▸ **DATA SEGMENT**
******************************

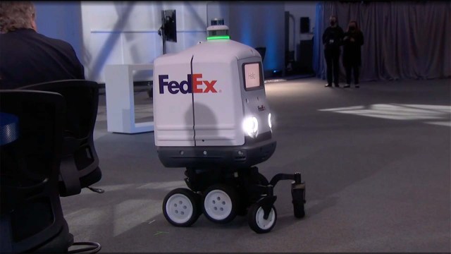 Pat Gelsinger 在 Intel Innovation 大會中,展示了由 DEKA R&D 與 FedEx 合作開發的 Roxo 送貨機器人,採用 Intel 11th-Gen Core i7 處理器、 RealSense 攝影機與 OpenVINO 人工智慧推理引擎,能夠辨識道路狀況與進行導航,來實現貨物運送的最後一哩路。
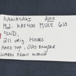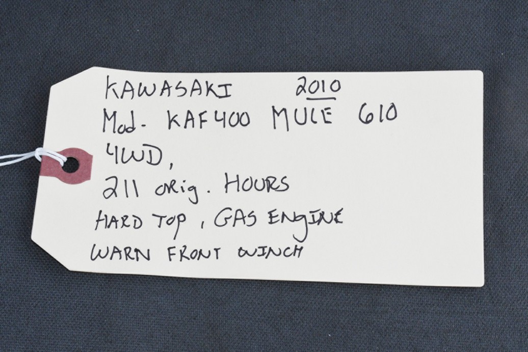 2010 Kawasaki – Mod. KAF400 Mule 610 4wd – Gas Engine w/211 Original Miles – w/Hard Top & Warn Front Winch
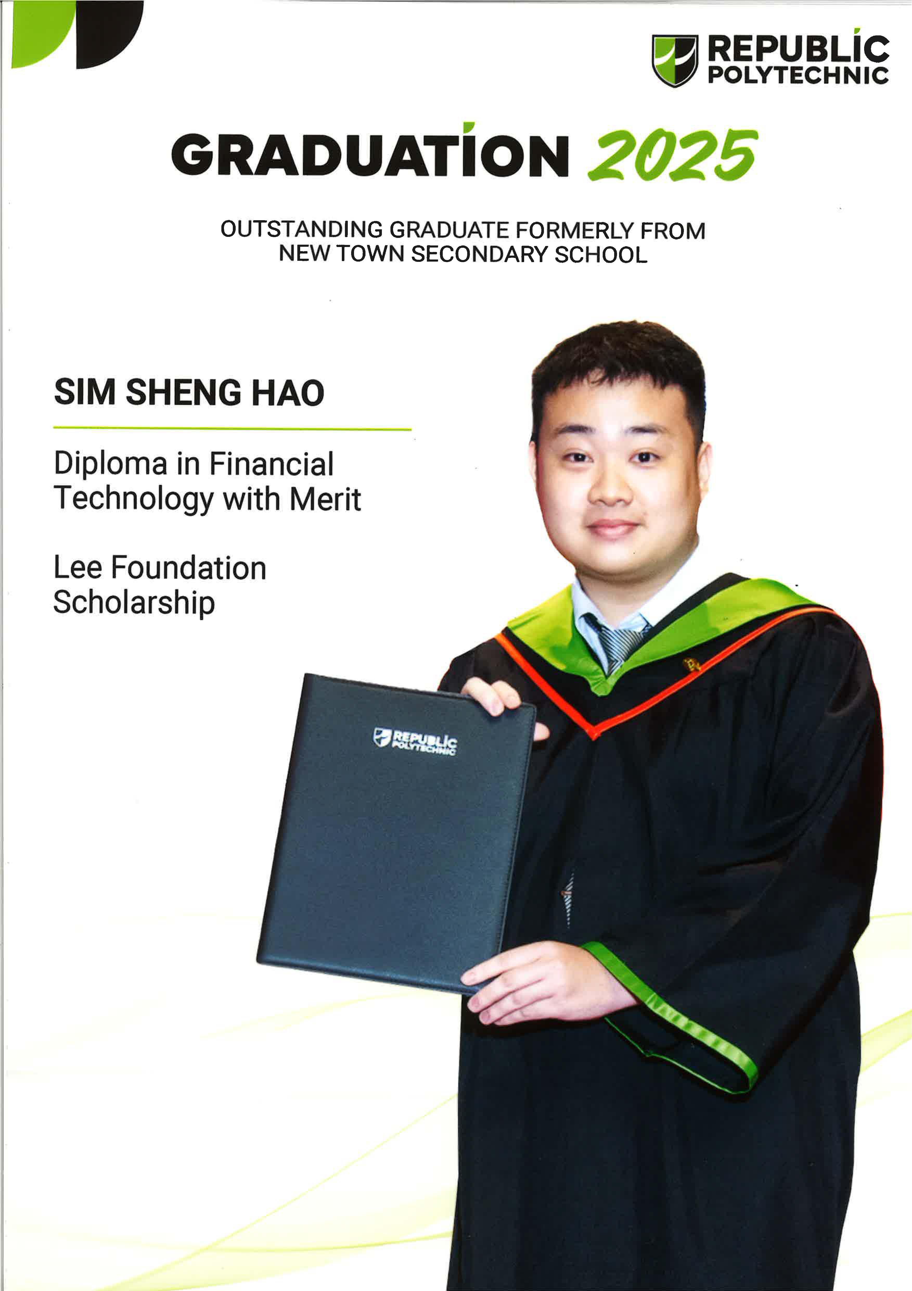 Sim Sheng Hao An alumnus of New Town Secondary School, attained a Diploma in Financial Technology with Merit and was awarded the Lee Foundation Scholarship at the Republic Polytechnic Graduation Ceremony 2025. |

******************************

▸ **WHAT TO PRODUCE**
From the line containing "2010 Kawasaki –" down to the end of the listing above, every line is to be returned exactly, though the pictures are not.

▸ **WRITTEN SOLUTION**
 2010 Kawasaki – Mod. KAF400 Mule 610 4wd – Gas Engine w/211 Original Miles – w/Hard Top & Warn Front Winch
 Sim Sheng Hao An alumnus of New Town Secondary School, attained a Diploma in Financial Technology with Merit and was awarded the Lee Foundation Scholarship at the Republic Polytechnic Graduation Ceremony 2025. |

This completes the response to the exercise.